___ Information

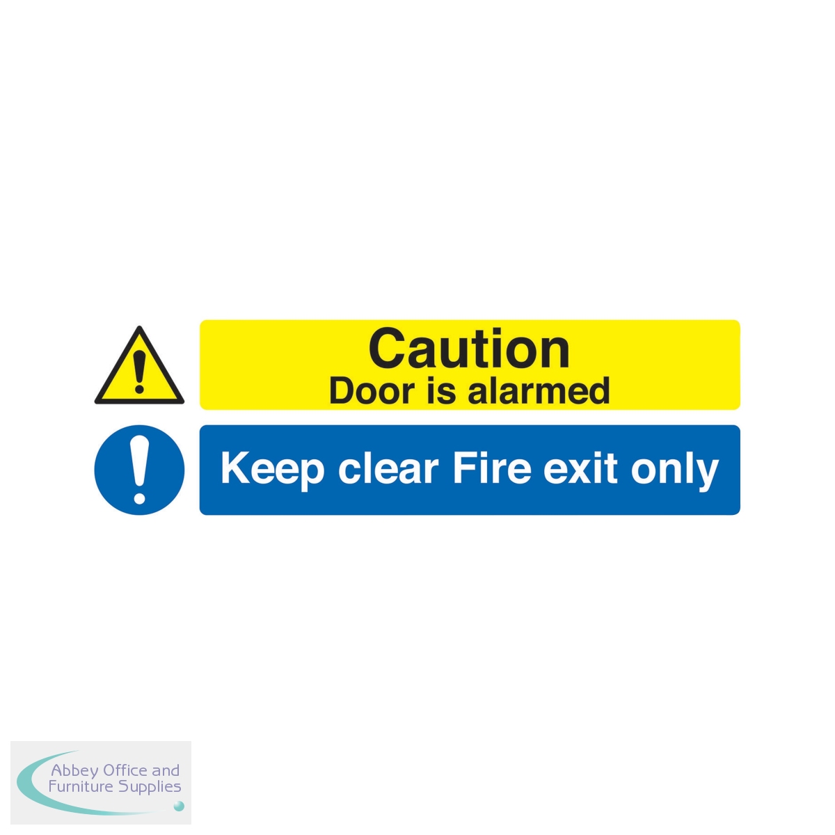 This sign both warns of a door that is alarmed and informs employees, visitors and customers of a fire exit that needs to be kept clear. This 150x450mm sign has a self-adhesive backing, allowing easy positioning on walls and doors, without the need for tools. The universal symbols are instantly recognisable for clear instruction to all site users.
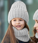 Czapka i komin dla dziewczynki, komplet zimowy, Rivola, szary jasny, 50-54 cm
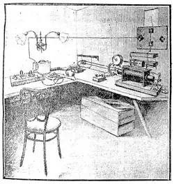 In December 1902 the American De Forest Wireless Telegraph Company set up an earlier station in an existing house on a beach near Point Judith Light and another near Block Island Southeast Light, 15 miles (24 km) from the coast.[8] By May 1903 they had successfully exchanged test messages.[9] Messages were sent using Morse code.[10] The stations were initially operated for the Providence Journal to send news stories to the island to be printed locally. Another goal was that passing ships could also send messages to the mainland which would then be relayed to Providence or New York City by telephone arriving hours before the ships reached port. At this time few places in the world were passed by so many ships as Block Island.[8] The Block Island Wireless began publishing in July.[11][12] At the time it was one of only two daily newspapers that printed dispatches sent by wireless.[a][13] The stations soon began sending messages (called "aerograms") for the public and charging a fee for the service.[14] Initially, this experimental wireless service was only intermittently successful and the Block Island Wireless ceased publication at the end of August 1903.[10][11]
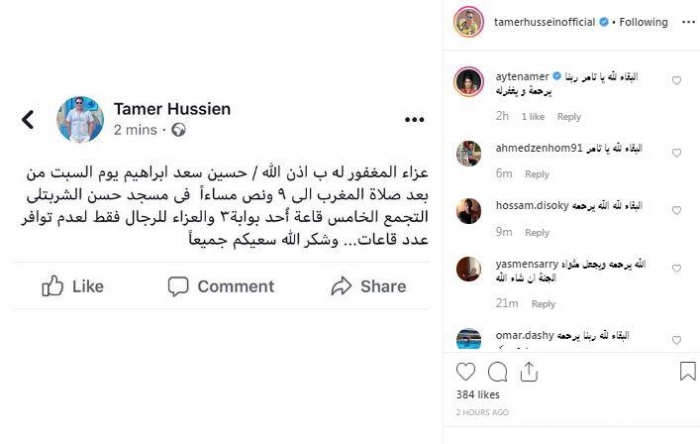 وكتب تامر: "عزاء المغفور له بإذن الله (حسين سعد إبراهيم يوم السبت من بعد صلاة المغرب إلى ٩ ونص مساءاً فى مسجد حسن الشربتلى التجمع الخامس قاعة أُحد بوابة ٣ والعزاء للرجال فقط لعدم توافر عدد قاعات، وشكر الله سعيكم جميعاً).
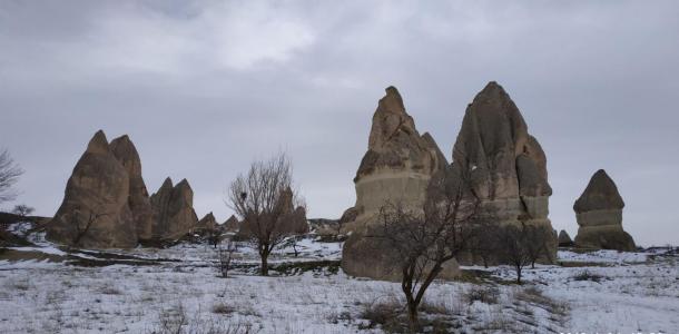 三百万年前,在安纳托尼亚高原上,有两座巨大的火山喷发了,石灰岩,熔岩和火山灰覆盖了这个叫卡帕多细亚的山区,然后是星转斗移,时光流逝,大自然的魔手造就了尤如火星上才有的奇特地貌,这里山峦起伏,沟壑纵横。沟壑与谷涧中,耸立着一片片被称为“仙人烟囱”的岩峰。林林总总的岩峰,冲天而立,其外观如石笋、似烟囱,或高立如锥,或尖耸如塔,或像城堡,或像蘑菇,或像一枚枚巨大的尖钉凸起在山坡,不一而足,蔚为奇观。又被称为怪石堡, 也被联合国收进了自然遗产名录。上午游览格莱梅露天博物馆,下午凯玛克勒地下城和乌奇希萨尔岩壁城堡观看日落美景。
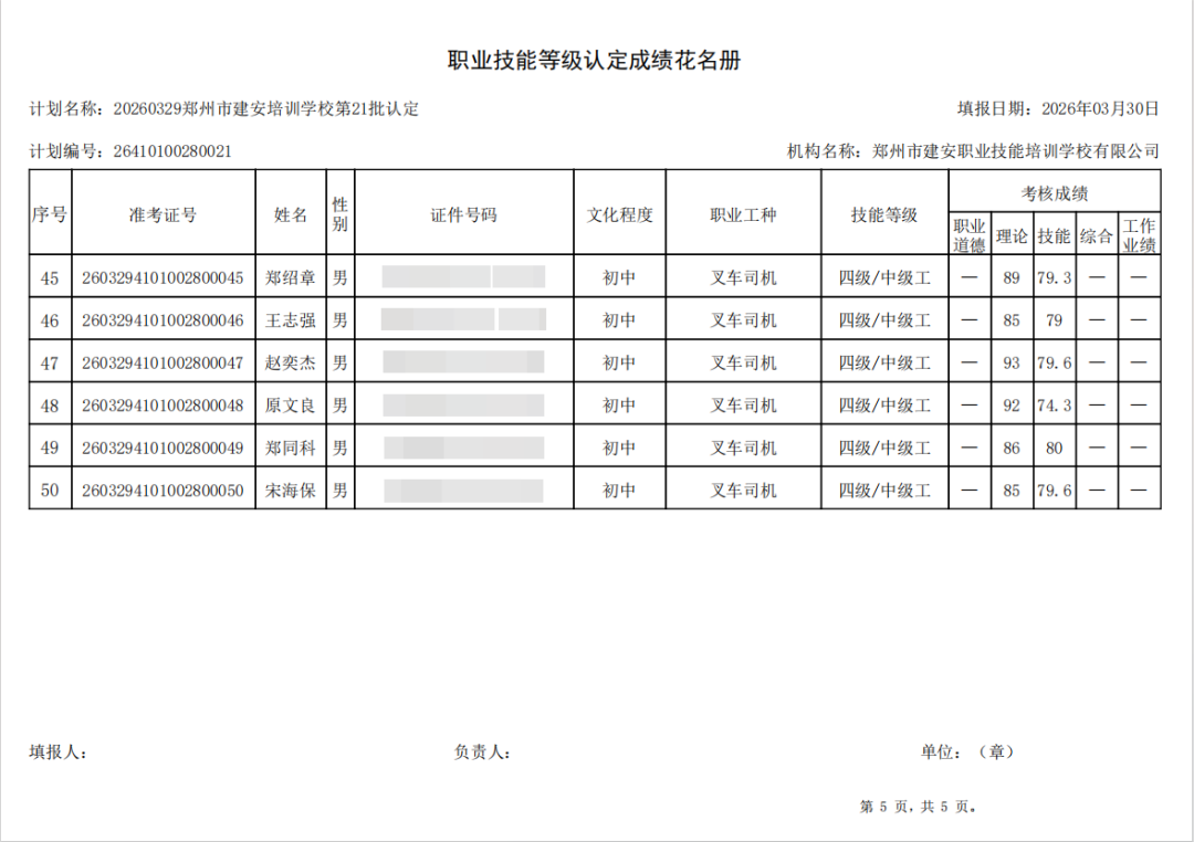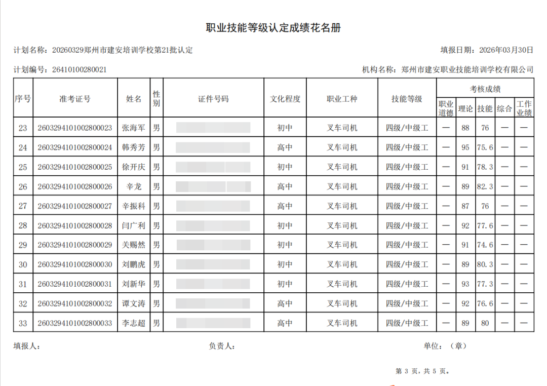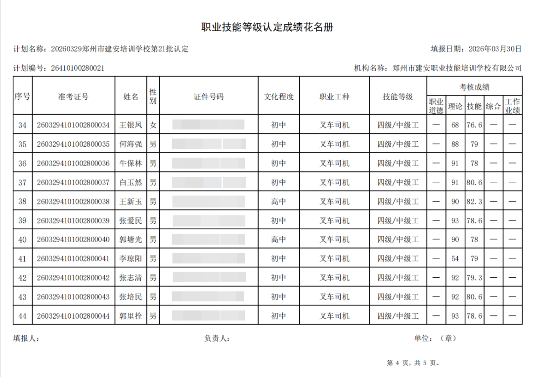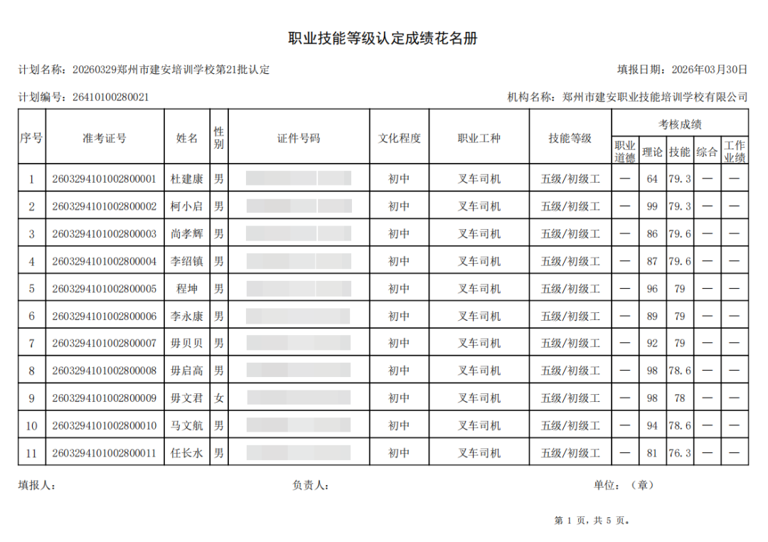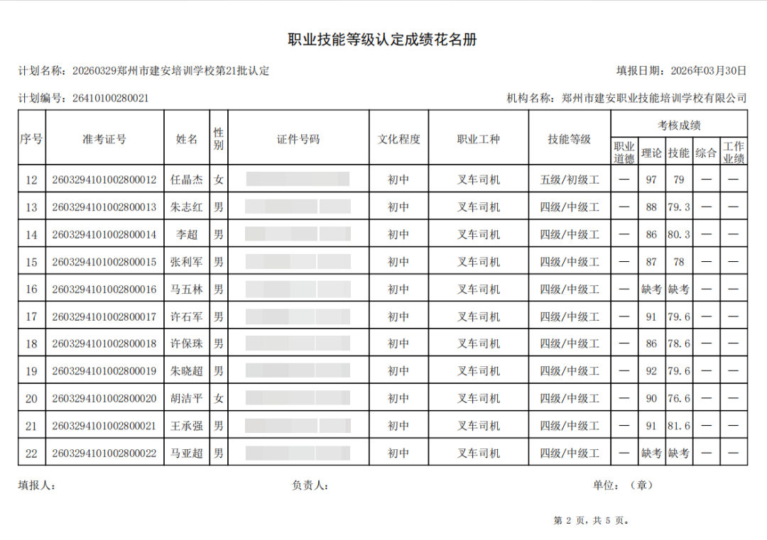 2026年3月29日,在郑州市建安职业技能培训学校进行的第21批【叉车司机】职业技能等级认定考试,阅卷工作已结束,现将各位考生成绩予以公示,公示期为5天,公示期限为:2026年3月31日至2026年4月4日。
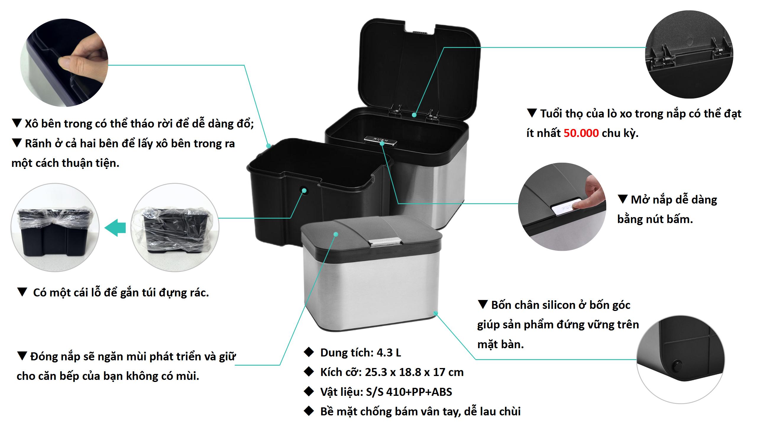 Thùng rác inox nhấn vuông phủ Nano Cao Cấp 4.3L
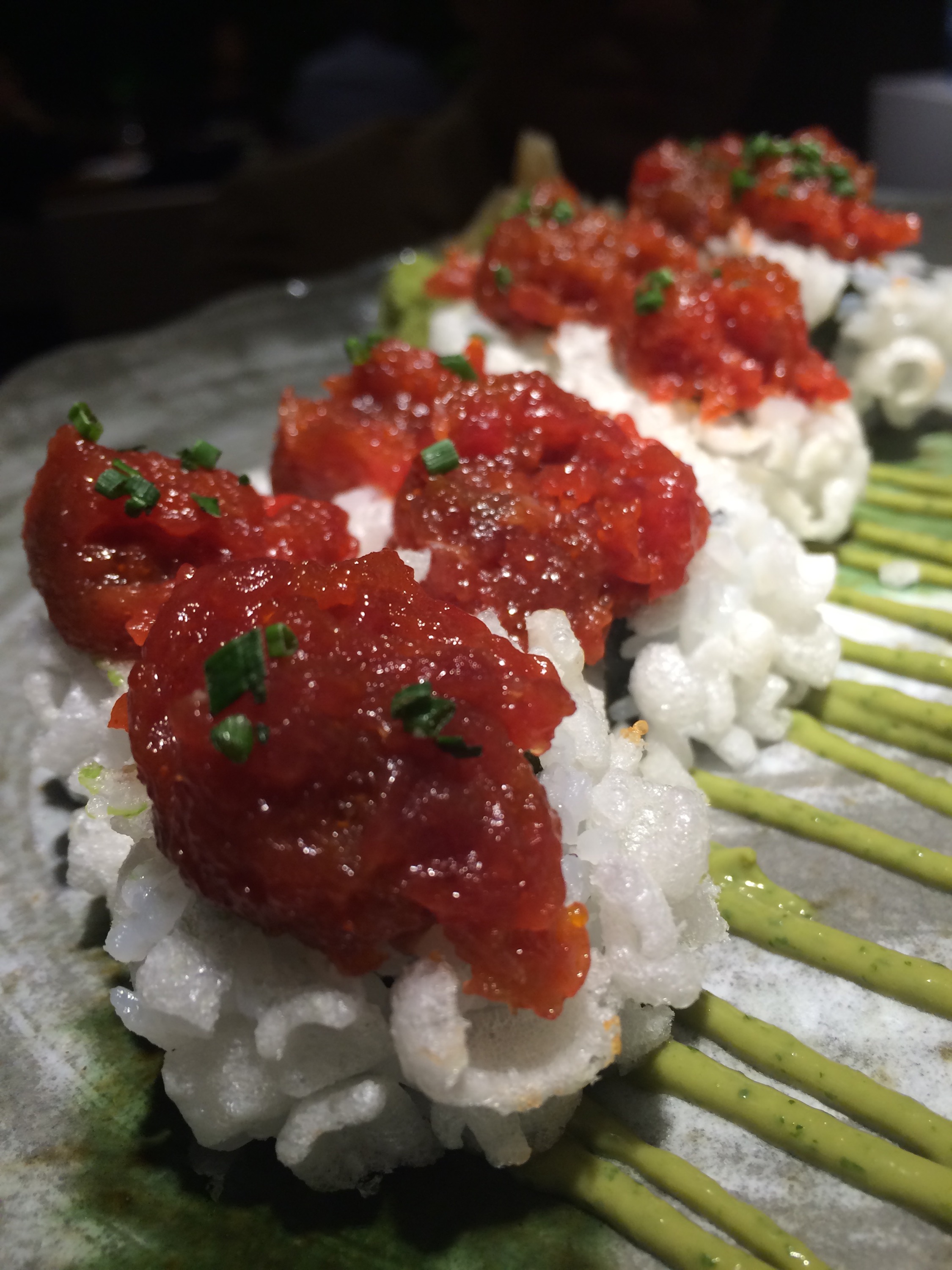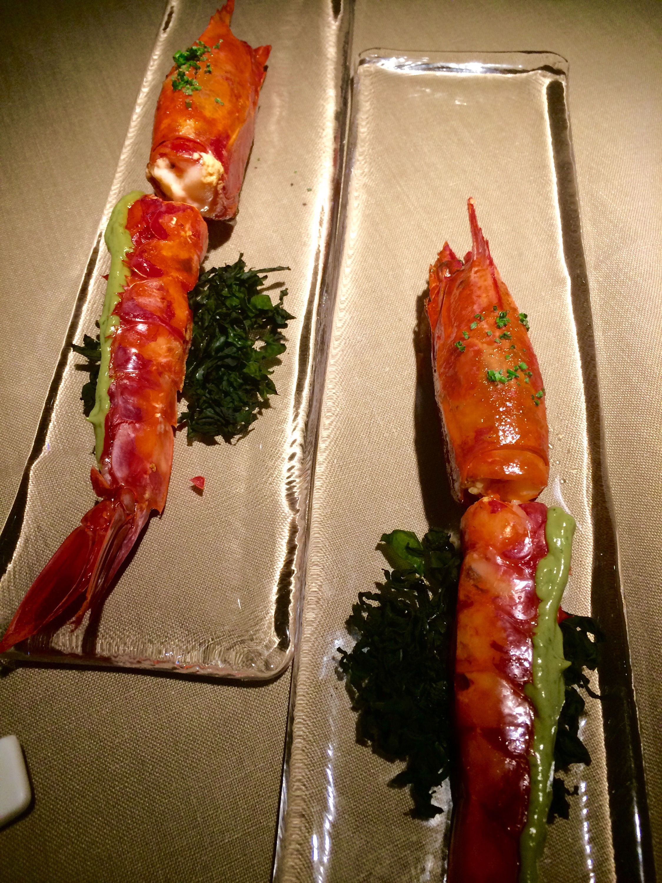 Empecé el almuerzo con cierto miedo porque la esferificaciones de aceituna son ya una receta demasiado banal, pero después pensé que eso será en España porque en Colombia son aún transgresión pura. Por cierto, que poco me gustó -como me pasó con otro que imitaba a Roncero y no lo decía- que dijeran que este plato es creación de Roncero cuando el mundo las debe al genio inmarcesible de Ferrán Adriá, ese visionario adelantado a su tiempo y maestro de este chef.

______

_To do:_ Each record above should be restated word for word. The pictures should not appear.

_The completed task:_
 This sign both warns of a door that is alarmed and informs employees, visitors and customers of a fire exit that needs to be kept clear. This 150x450mm sign has a self-adhesive backing, allowing easy positioning on walls and doors, without the need for tools. The universal symbols are instantly recognisable for clear instruction to all site users.
 Czapka i komin dla dziewczynki, komplet zimowy, Rivola, szary jasny, 50-54 cm
 In December 1902 the American De Forest Wireless Telegraph Company set up an earlier station in an existing house on a beach near Point Judith Light and another near Block Island Southeast Light, 15 miles (24 km) from the coast.[8] By May 1903 they had successfully exchanged test messages.[9] Messages were sent using Morse code.[10] The stations were initially operated for the Providence Journal to send news stories to the island to be printed locally. Another goal was that passing ships could also send messages to the mainland which would then be relayed to Providence or New York City by telephone arriving hours before the ships reached port. At this time few places in the world were passed by so many ships as Block Island.[8] The Block Island Wireless began publishing in July.[11][12] At the time it was one of only two daily newspapers that printed dispatches sent by wireless.[a][13] The stations soon began sending messages (called "aerograms") for the public and charging a fee for the service.[14] Initially, this experimental wireless service was only intermittently successful and the Block Island Wireless ceased publication at the end of August 1903.[10][11]
 وكتب تامر: "عزاء المغفور له بإذن الله (حسين سعد إبراهيم يوم السبت من بعد صلاة المغرب إلى ٩ ونص مساءاً فى مسجد حسن الشربتلى التجمع الخامس قاعة أُحد بوابة ٣ والعزاء للرجال فقط لعدم توافر عدد قاعات، وشكر الله سعيكم جميعاً).
 三百万年前,在安纳托尼亚高原上,有两座巨大的火山喷发了,石灰岩,熔岩和火山灰覆盖了这个叫卡帕多细亚的山区,然后是星转斗移,时光流逝,大自然的魔手造就了尤如火星上才有的奇特地貌,这里山峦起伏,沟壑纵横。沟壑与谷涧中,耸立着一片片被称为“仙人烟囱”的岩峰。林林总总的岩峰,冲天而立,其外观如石笋、似烟囱,或高立如锥,或尖耸如塔,或像城堡,或像蘑菇,或像一枚枚巨大的尖钉凸起在山坡,不一而足,蔚为奇观。又被称为怪石堡, 也被联合国收进了自然遗产名录。上午游览格莱梅露天博物馆,下午凯玛克勒地下城和乌奇希萨尔岩壁城堡观看日落美景。
 2026年3月29日,在郑州市建安职业技能培训学校进行的第21批【叉车司机】职业技能等级认定考试,阅卷工作已结束,现将各位考生成绩予以公示,公示期为5天,公示期限为:2026年3月31日至2026年4月4日。
 Thùng rác inox nhấn vuông phủ Nano Cao Cấp 4.3L
 Empecé el almuerzo con cierto miedo porque la esferificaciones de aceituna son ya una receta demasiado banal, pero después pensé que eso será en España porque en Colombia son aún transgresión pura. Por cierto, que poco me gustó -como me pasó con otro que imitaba a Roncero y no lo decía- que dijeran que este plato es creación de Roncero cuando el mundo las debe al genio inmarcesible de Ferrán Adriá, ese visionario adelantado a su tiempo y maestro de este chef.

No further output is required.